En dépit de tous ses plans, de toutes ses ruses et même avec du sang sur les mains, Hasimir Fenring pouvait être tellement merveilleux que Margot regrettait son absence. Il était parti en compagnie du Baron Vladimir Harkonnen dans le désert profond pour aller inspecter plusieurs sites de moissonnage après avoir reçu un message comminatoire de Shaddam concernant une chute du taux de production.
Pour parvenir à ses vues, son époux, avec une détermination glacée, avait commis de nombreuses atrocités au nom de l’Empereur, et elle le soupçonnait d’avoir joué un rôle dans la mort mystérieuse d’Elrood IX. Mais son éducation Bene Gesserit lui avait appris à jauger les résultats et les conséquences. Hasimir Fenring savait obtenir ce qu’il voulait, et pour cela Margot l’aimait.
Et pour cela aussi, elle soupirait chaque fois qu’elle entrait dans la somptueuse serre que son époux avait fait construire pour elle. Elle posa la paume de sa main sur le lecteur de la serrure. Elle portait une tenue d’intérieur pratique, mais soyeuse et rayonnante, qui changeait de couleur au fil des heures. En franchissant l’arche de mosaïque pour pénétrer dans la salle verte, elle inspira avec ravissement l’air humide et aromatique. La musique s’était déclenchée automatiquement : des accords de piano et de balisette apaisants.

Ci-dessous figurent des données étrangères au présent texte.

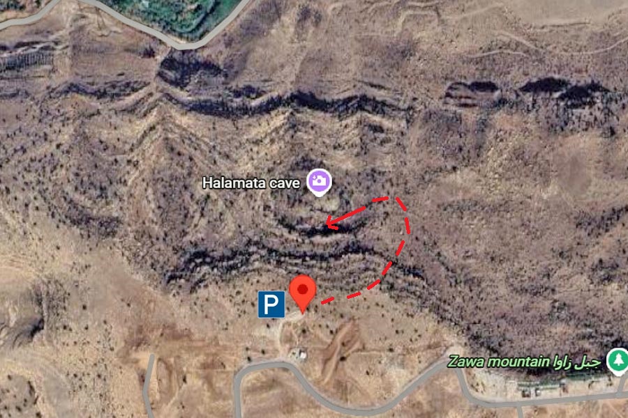 1. Mit dem Auto fährt man hinter das Sheraton Hotel, in der Nähe von Jabal Zawa. Nach einer kurzen Strecke gibt es einen Feldweg. Am Ende der Straße lässt man das Auto stehen und geht hinauf.

Les murs irradiaient la lumière dorée de cette fin d’après-midi : les panneaux filtrants transformaient la lumière blanche du soleil d’Arrakis en celle, plus colorée et douce, des panoramas de Kaitain. De grandes feuilles charnues flottaient doucement dans le courant d’air, pareilles à des drapeaux. En quatre ans, les plantes de tous les mondes s’étaient développées bien au-delà de ses espérances.
La serre était son domaine privé mais elle était aussi un gaspillage éhonté sur un monde où chaque goutte d’eau comptait, où des marchands en costume bigarré parcouraient la cité en agitant leurs clochettes et en criant Soo-Soo Sook ! pour vendre une fortune une unique gorgée. Mais ainsi que le disait souvent son époux, le ministre impérial de l’épice pouvait s’offrir ce luxe.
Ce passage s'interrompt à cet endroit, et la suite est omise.